*EXERCISE GOAL*
With pictures left out, return only the lines from the line containing "ART GLASS: Signed" through the end of the material below, both included.

*DATA BLOCK*
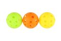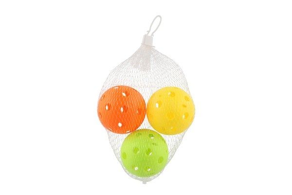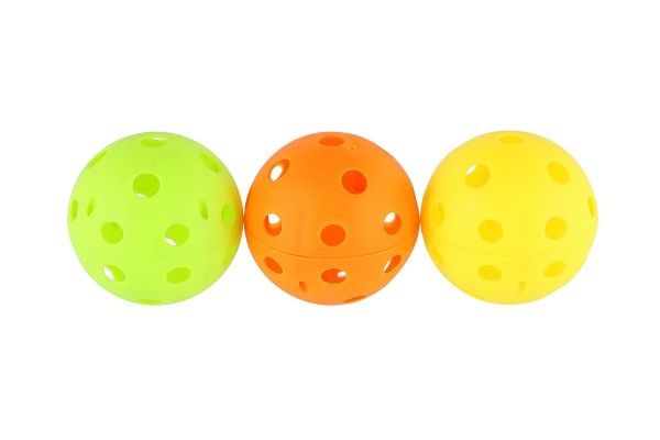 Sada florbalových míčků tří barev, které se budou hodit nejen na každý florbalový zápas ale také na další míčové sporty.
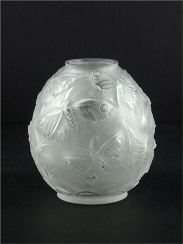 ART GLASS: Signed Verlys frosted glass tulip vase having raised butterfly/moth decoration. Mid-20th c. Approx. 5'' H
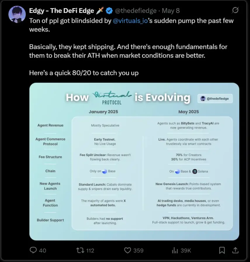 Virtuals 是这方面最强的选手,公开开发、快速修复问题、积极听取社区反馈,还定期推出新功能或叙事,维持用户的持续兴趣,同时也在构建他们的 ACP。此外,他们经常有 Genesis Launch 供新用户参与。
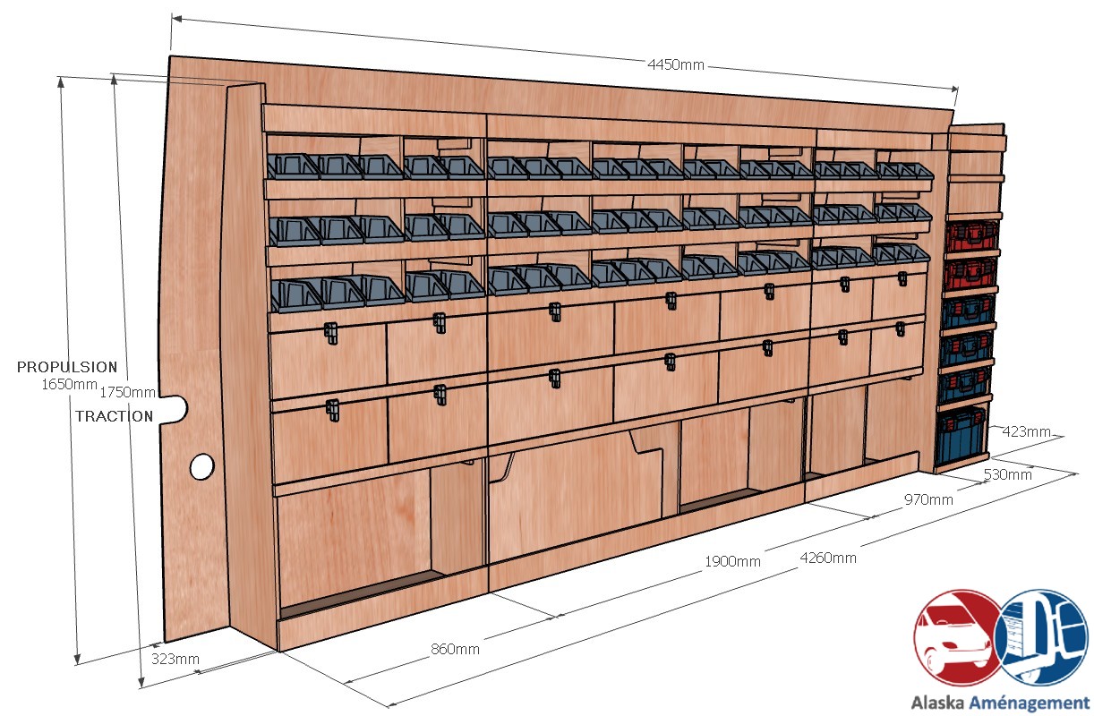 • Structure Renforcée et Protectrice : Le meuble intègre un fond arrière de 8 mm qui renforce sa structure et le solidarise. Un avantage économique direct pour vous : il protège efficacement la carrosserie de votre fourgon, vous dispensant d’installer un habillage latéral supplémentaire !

*WORKED SOLUTION*
 ART GLASS: Signed Verlys frosted glass tulip vase having raised butterfly/moth decoration. Mid-20th c. Approx. 5'' H
 Virtuals 是这方面最强的选手,公开开发、快速修复问题、积极听取社区反馈,还定期推出新功能或叙事,维持用户的持续兴趣,同时也在构建他们的 ACP。此外,他们经常有 Genesis Launch 供新用户参与。
 • Structure Renforcée et Protectrice : Le meuble intègre un fond arrière de 8 mm qui renforce sa structure et le solidarise. Un avantage économique direct pour vous : il protège efficacement la carrosserie de votre fourgon, vous dispensant d’installer un habillage latéral supplémentaire !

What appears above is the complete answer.